The UK -- the host of the COP26 climate summit -- is facing renewed heat over its own domestic oil production.

But the government says reducing supply while maintaining demand could see the country more reliant on imported fuel, which some say is even more harmful to the environment.

This is Britain’s fossil fuel dilemma

In 2019, the UK legally committed to bringing all greenhouse gas emissions to net zero by 2050.

But it has continued to issue licenses for new oil and gas fields in the North Sea, off Scotland.

Something some campaigners, academics, and scientists say must stop:

“So at the moment, what's happening is that the government is trying to push through new oil and gas projects in the North Sea, despite the fact that experts are telling them that we can't approve any new fossil fuel projects if we are to have a hope of tackling the climate crisis.”

The government says it needs to keep the nation's lights on.

And argues that new production still has a role to play.

Shrinking domestic production paired with rising fuel imports has created new challenges.

With the price of UK benchmark wholesale gas rising more than 250%.

Mike Tholen works for Oil and Gas UK (OGUK), an industry association:

“Well, we can see, even now in the current market dynamic that having assured supplies of oil and gas through the winters and indeed through the seasons to come is important. We can't just switch off oil and gas and move straight to the new energies, we have to find a way to have a managed transition so that as production and use of oil and gas declines, we have the new energies taking up the slack. The problem what we're seeing at the minute, is we're not yet equipped to take up the slack quick enough.”

There’s also the issue of imports.

Britain once depended on its own fields for oil and gas to fire up its power stations, fuel its cars, and heat its homes, but has been a net energy importer since 2005.

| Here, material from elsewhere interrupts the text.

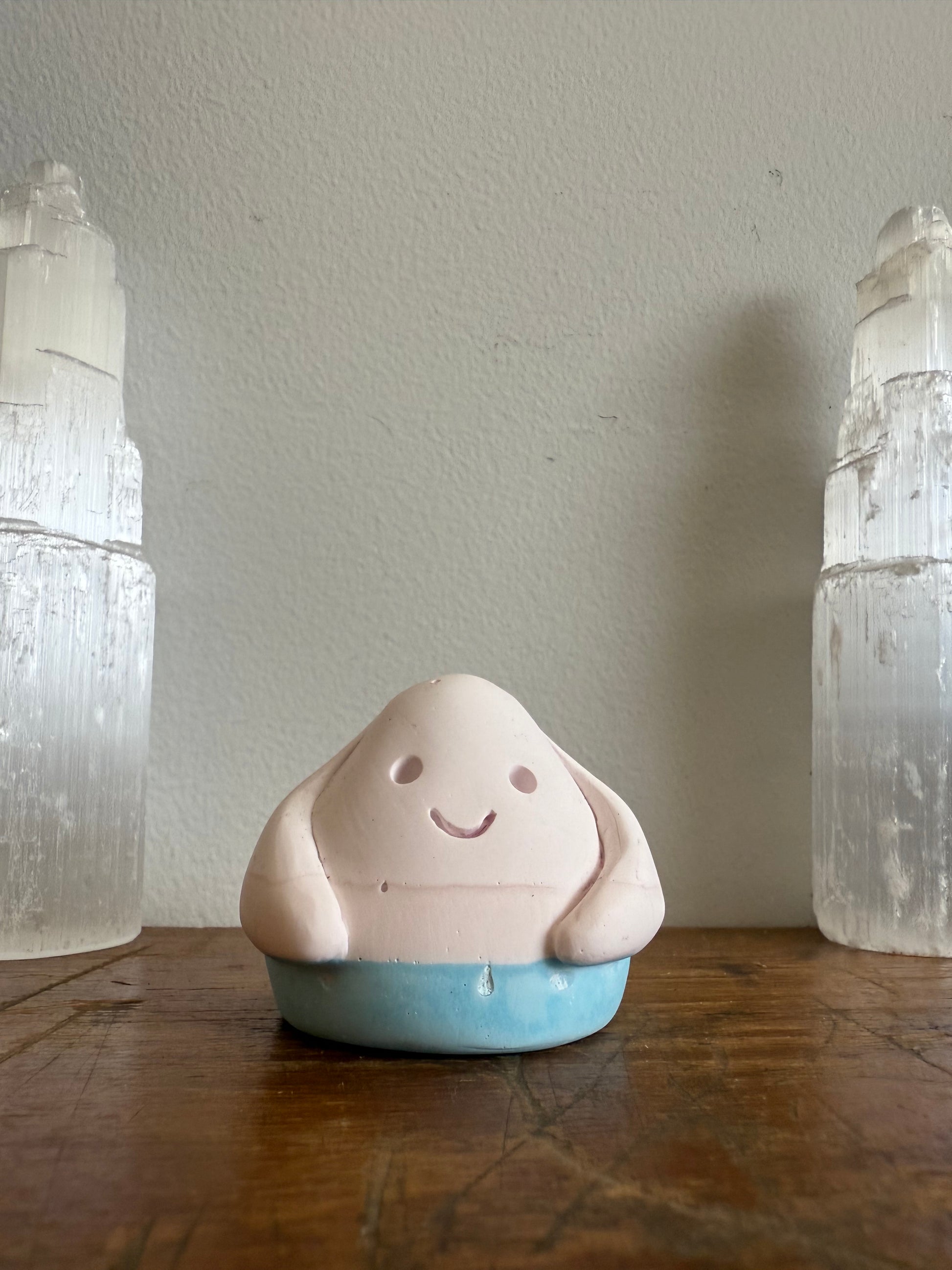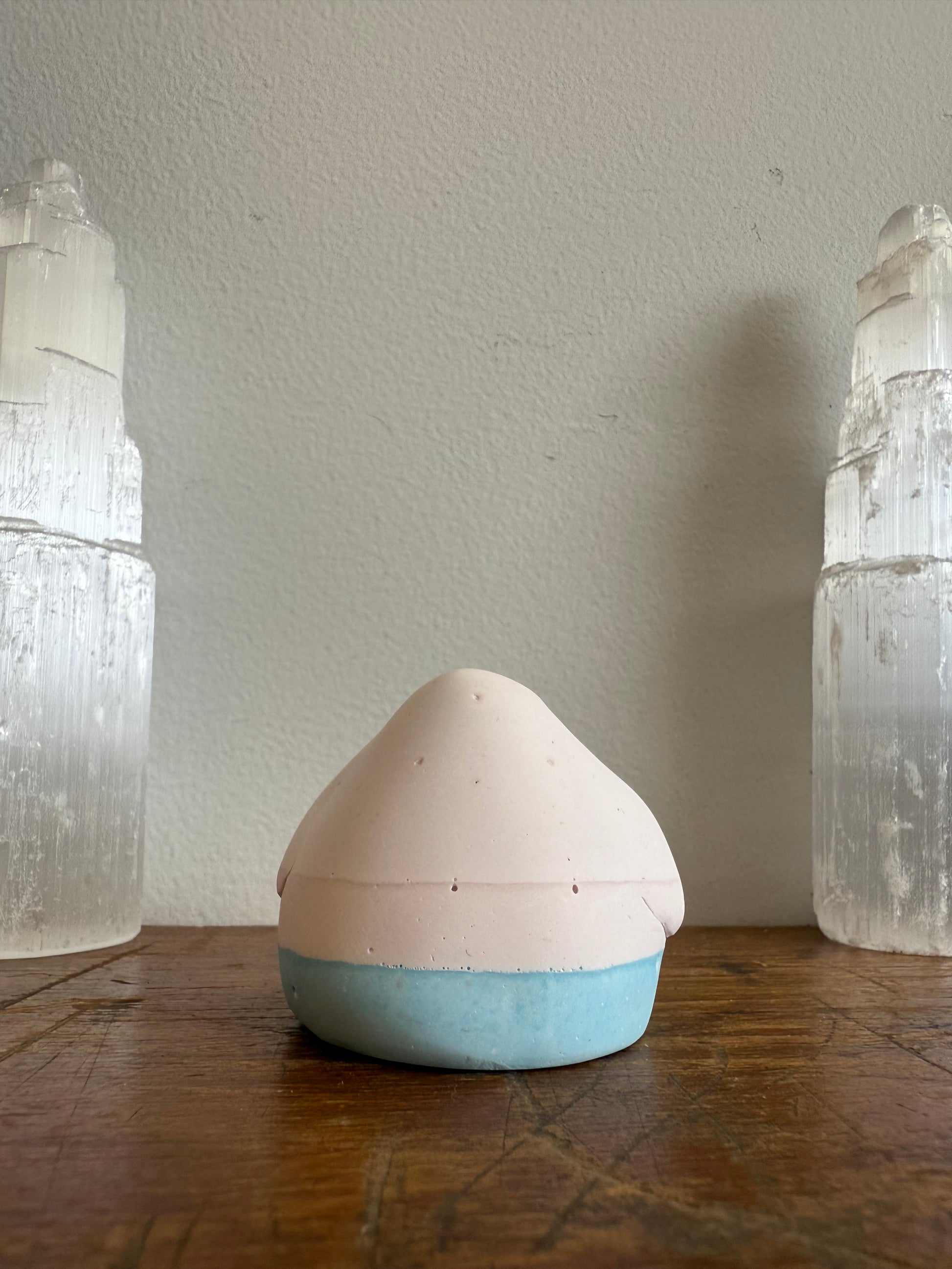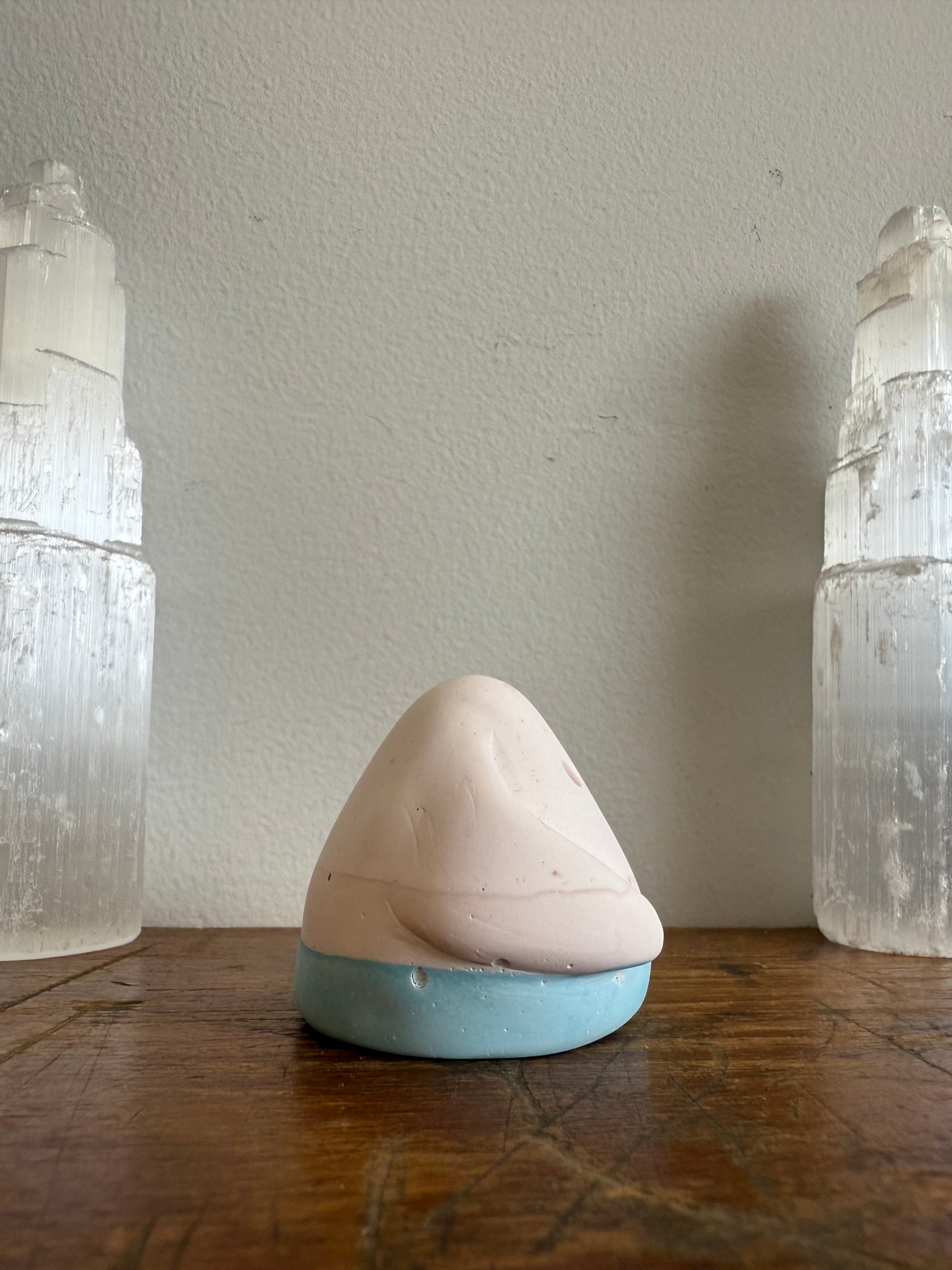 This Domie pictured features 3 separate colours on it's body. The head and face are a very pale Pink (Almost white), then the middle section is a slightly darker pink (but still very pale), finally the base is a sky blue. It has thick arms that wrap around it's body. It is approximately 4.5cm tall.

Oil and Gas UK said in September that domestic production was cheaper and cleaner than imported gas.

Given that shipping fuel creates emissions and because some other producing nations have poor environmental records.

But Greenpeace and other activists say these arguments miss the point: Using fossil fuels must stop rather than simply trying to make using them cleaner.

They’ve now taken their campaign off the streets and into the courtroom.

“Secretary of state, we're taking him to court because basically, we believe he's being irrational in the face of the government's commitment to the Paris Agreement to actually contemplate taking new oil and gas out of the North Sea."

Jeremy Cox is a former oil worker and plaintiff in a case brought by the pressure group Paid to Pollute against the government’s current criteria for awarding North Sea drilling permits.

“It's mainly sorrow and generational guilt, I guess, and it's not just from having worked in the oil industry, it's just all of us burning whatever we were burning and leaving lights on all the time and everything else. An entire generation, not really knowing that it was totally screwing up its grandchildren's future.”